The State commission, relying of expert opinion of one Dr. M. D. Gupta who performed the PM of the patient’s dead body, came to the conclusion that there was medical negligence on part of Doctors and allowed the compliant with Rs.20 lakhs compensation with interest and hence this Appeal.
In the meantime, Dr. Sharad Gogte was acquitted was acquitted from the offence under Section 304(A) of the IPC.
Held by the Hon. National Commission :
1. The Commission after going through the record and arguments, allowed the Appeal of the Doctor and Hospital.
2. The Commission framed two issues , whether the death was Cardiac Tamponade or AFE and secondly whether there was deficiency / failure to treat the medical emergency to hold the Opposite Parties liable for medical negligence.

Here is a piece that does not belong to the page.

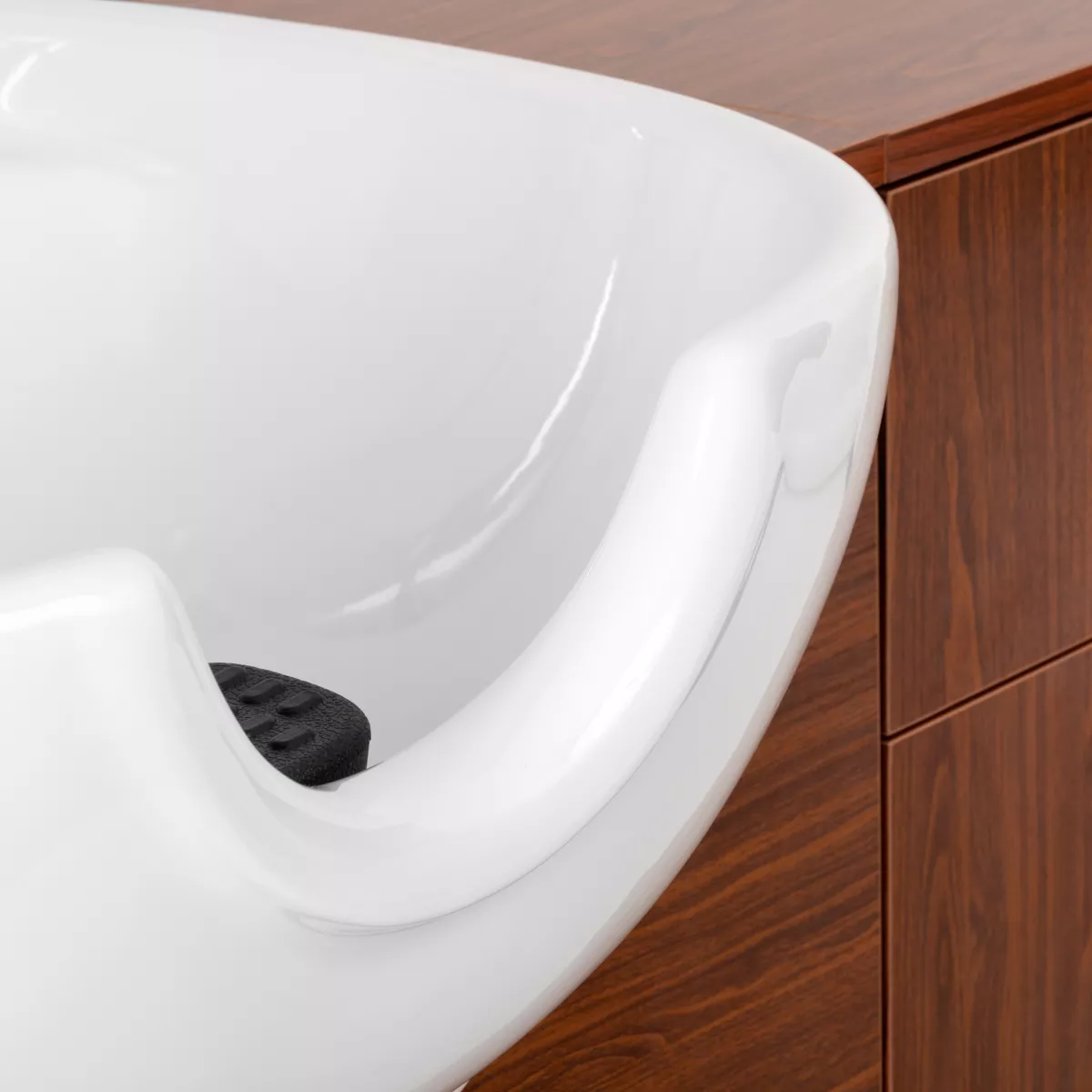 - Wbudowana umywalka ułatwia utrzymanie higieny i oszczędza miejsce.

3. The Complainant presented expert testimony that the patient died due to Cardiac Tamponade and Pulmonary embolism, whereas the Opposite Parties presented expert testimony of Dr. Harish M. Pathak that death was from an amniotic fluid embolism (“AFE”), an unpredictable “obstetrical catastrophe” befalling a pregnant woman.

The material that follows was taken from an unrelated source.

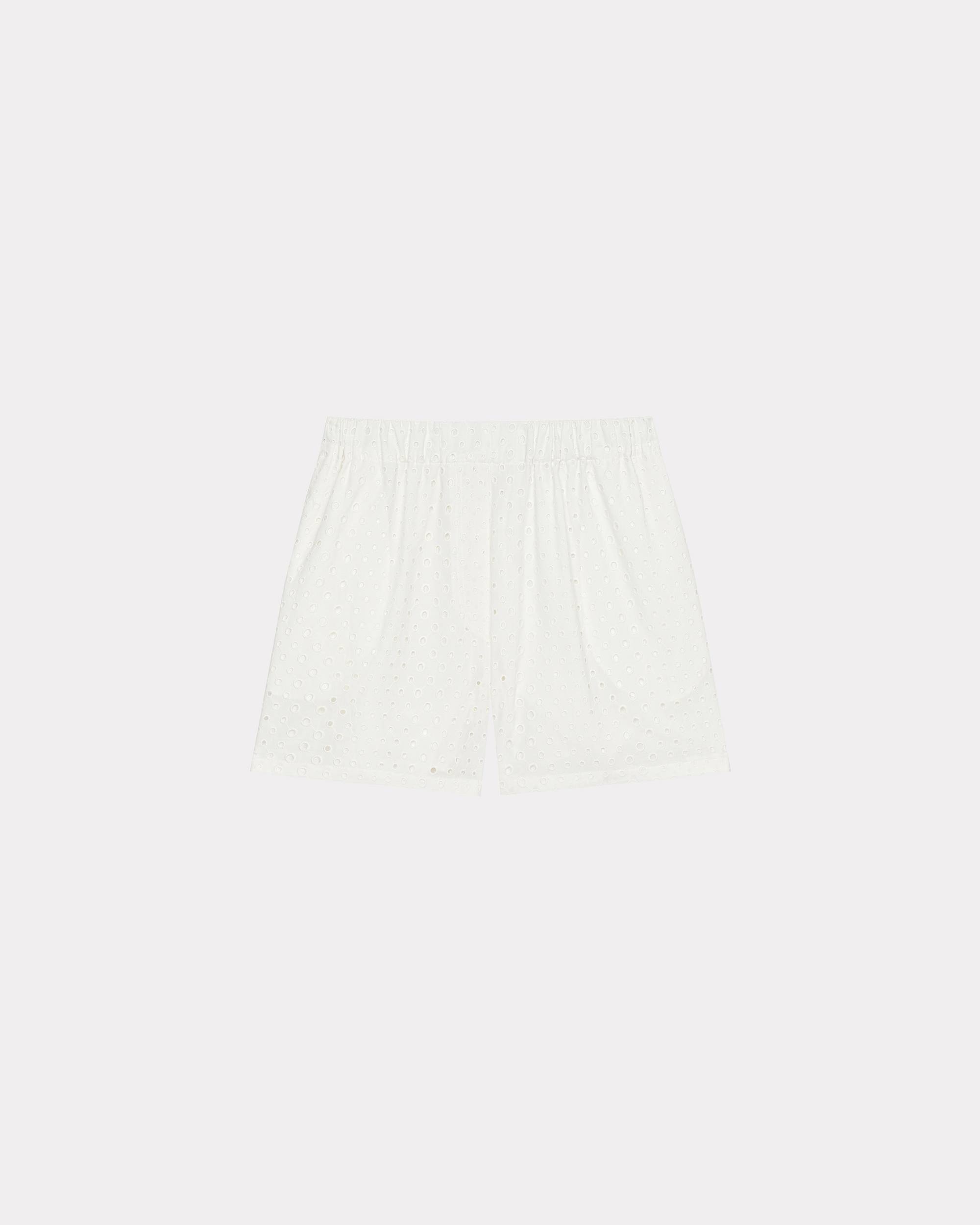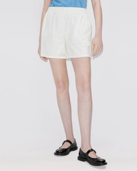 DESCRIPTION As comfortable as they are elegant, these shorts feature a tone-on-tone polka-dot pattern and lend a refined touch to any casual feminine look. The pattern is composed of broderie anglaise. These shorts are fully lined, ensuring the fabric is not transparent. They also feature several pockets, adding to the laid-back feel of the relaxed cut. Broderie anglaise shorts. Side pockets. 1 back pocket. Lined. Elasticated waist. SIZE & FIT The model is 177 cm tall and wears a size S.

4. Dr. Harish M. Pathak, the Prof. & Head of Dept. of Forensic Medicine & Toxicology at Seth GS Medical College and KEM Hospital, Mumbai, filed an affidavit dated 5.8.2015 wherein he cotnended that "Dr. M. D. Gupta has not done residency post in Obstetrics and Gynaecology. He does not possess post-graduate degree or diploma in Obstetrics and Gynaecology. From his affidavit it is clear that he has merely studied the said subjects but has no practical experience in the said field. Considering the said position the observations made by him in his note as well as affidavit like “Wilful Gross Negligence” in managing a Labour Patient who developed rare and almost invariably fatal complication of labour by a senior and experienced Obstetrician like Dr. Gogate."

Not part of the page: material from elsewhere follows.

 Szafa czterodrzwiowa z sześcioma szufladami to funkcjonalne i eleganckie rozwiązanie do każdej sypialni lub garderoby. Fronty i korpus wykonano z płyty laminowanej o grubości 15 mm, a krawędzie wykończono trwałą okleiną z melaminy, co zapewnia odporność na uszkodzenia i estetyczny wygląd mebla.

5. As there were contrary medical opinions, the Commission sought another opinion from the expert Medical Board from AIIMS. The relevant paragraphs of the said opinion from AIIMS dated 02.02.2017 are reproduced as below:
“The Histopathological report provided to the medical Board was examined and was found to be inconclusive as the tissues showed autolysis. However, the gross findings are compatible with Pulmonary edema.
The Medical Board is of the opinion that Cardiac Tamponade stated as the cause of death by the Autopsy Surgeon was infact misinterpretation of cardiac resuscitation.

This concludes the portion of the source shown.